FCC commissioner Michael Powell has shown very little concern for keeping the airwaves open and diverse, and far too much desire to clamp down on freedom of expression that does not fit his own breast-fearing viewpoint.

Published in: on February 3, 2004 at 12:05 pm  Comments Off on I didn't see the breast, did you?  

Can you be a pilot with being on the air?

Last night, I went to a very L.A.-style event. From time to time, under the name “The Other Network”, some folks have public viewings of unaired TV pilots that did not get picked up for series.
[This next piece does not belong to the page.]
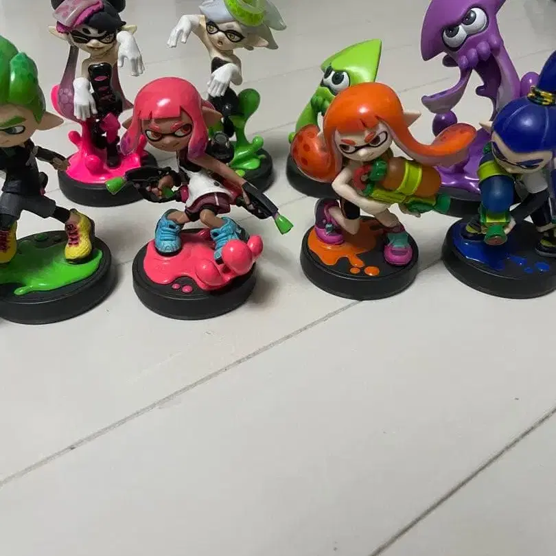 스프라툰 amiibo 8체 세트와 스프라툰 Switch 케이스, 씰, 컨트롤러 케이스 세트입니다. 중고품에 대한 이해 부탁드립니다. 낱개 판매 불가합니다.
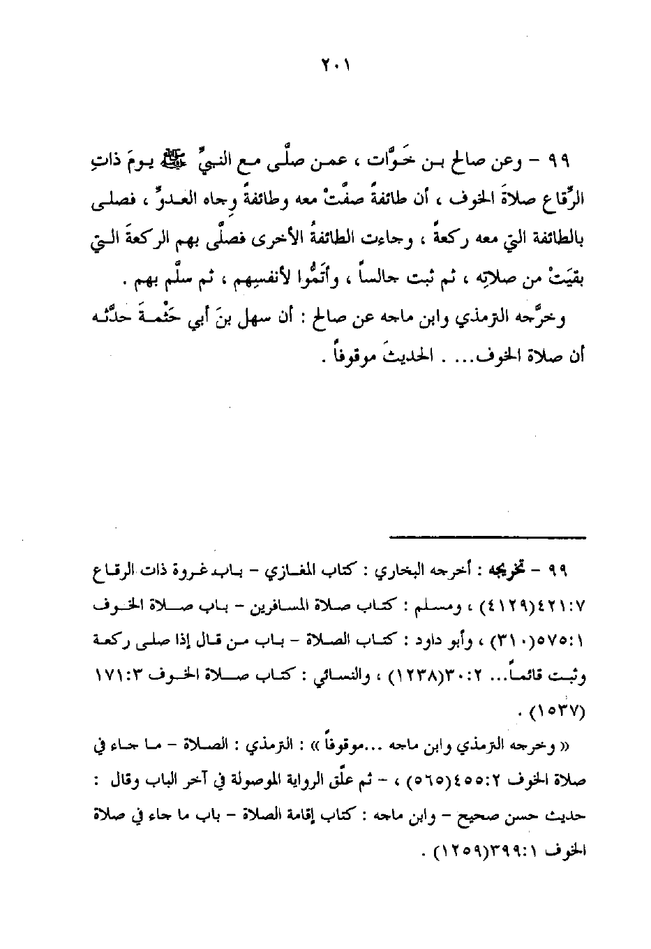99 - تخريجه: أخرجه البخاري: كتاب المغازي - باب غزوة ذات الرقاع 7: 421 (4129)، ومسلم: كتاب صلاة المسافرين - باب صلاة الخوف 1: 575 (310)، وأبو داود: كتاب الصلاة - باب من قال إذا صلى ركعة وثبت قائمًا ... 2: 30 (1238)، والنسائي: كتاب صلاة الخوف 3: 171 (1537).

Now before you assume that the unaired material must be crap, let me correct you. Last night’s event was three pilots from Judd Apatow, who was one of the guys behind the fine, short-lived Freaks and Geeks. And while I can see for each of these shows why someone might have thought that they didn’t absolutely need to go on the air, they were to my taste a fair bit more enjoyable than the vast majority of pilots that are picked up.
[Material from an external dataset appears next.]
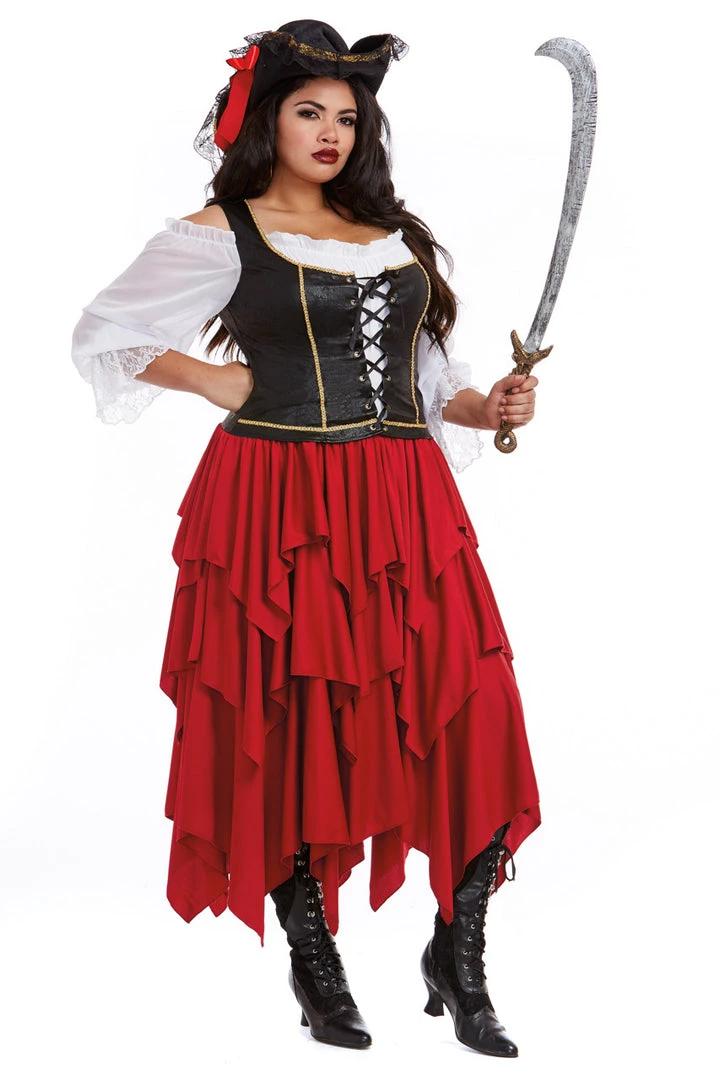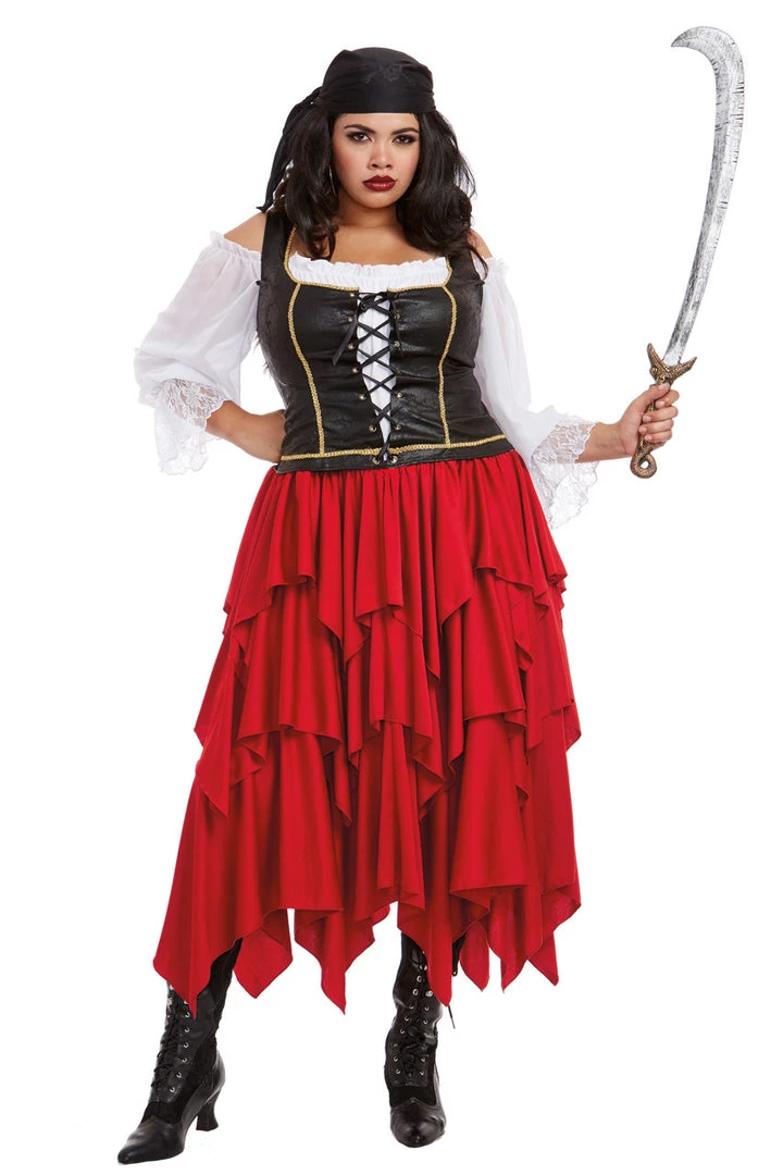 This plus size Ships Ahoy costume features a long pirate dress with off the shoulder peasant top, layered skirted bottom, attached faux leather vest and head scarf.
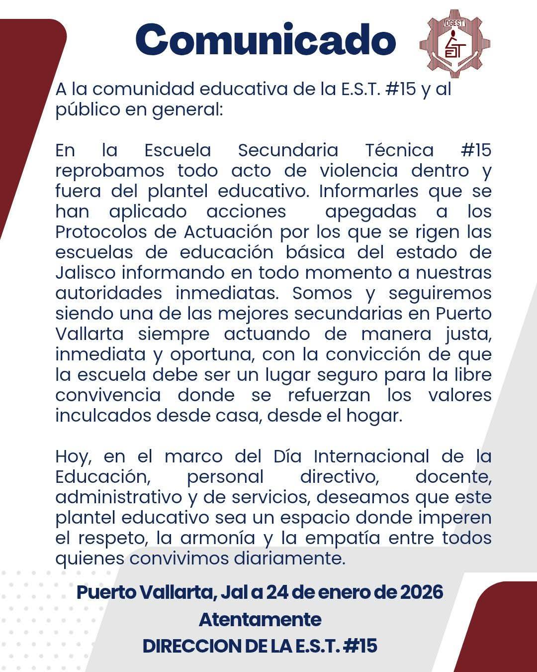 La Secundaria Técnica 15 reiteró su llamado a la comunidad educativa para mantenerse informada a través de los canales oficiales y señaló que la dirección permanece abierta al diálogo con madres y padres de familia.

Sick in the Head was a comedy about a new shrink, and while the lead role was filled in a genial-but-not-quite-sparky mode, there were excellent supporting turns by Andrea Martin as a well-established radio shrink, Amy Poehler as a patient that has been dropped by a dozen shrinks already, and the always-a-good-sign Austin Pendleton as the lead’s mentor.

Life on Parole was a single camera comedy built around a reluctant parole officer. I’m not sure that there would have been enough range in the material to keep the series going, but the pilot would have made a keen graphic novel on its own.

The final one, North Hollywood, starred the drum-playing freak from Freaks and Geeks, plus Amy Poehler, and had a good turn from Judge Reinhold as himself. It’s built around three roommates on the edges of show biz — a struggling actor, a stand-up comic, and Judge Reinhold’s personal assistant. It felt a bit improvy, and more like an HBO comedy than a network one in texture. Reinhold himself comes in for a nice star turn, and there was some good coordination between the making of the pilot and the filming of Orange County. This would have been a great sitcom if there was such a thing as a “local sitcom”, as the jokes felt well-aimed for those comfortable with the subtleties of the struggle to be an actor but would probably fail for folks in most of the country.

The event was fun. Apatow himself was largely open and charming about the struggles these involved. And I got the cheap celebrity encounter thrill of standing in the ticket line behind one Freak and one Geek.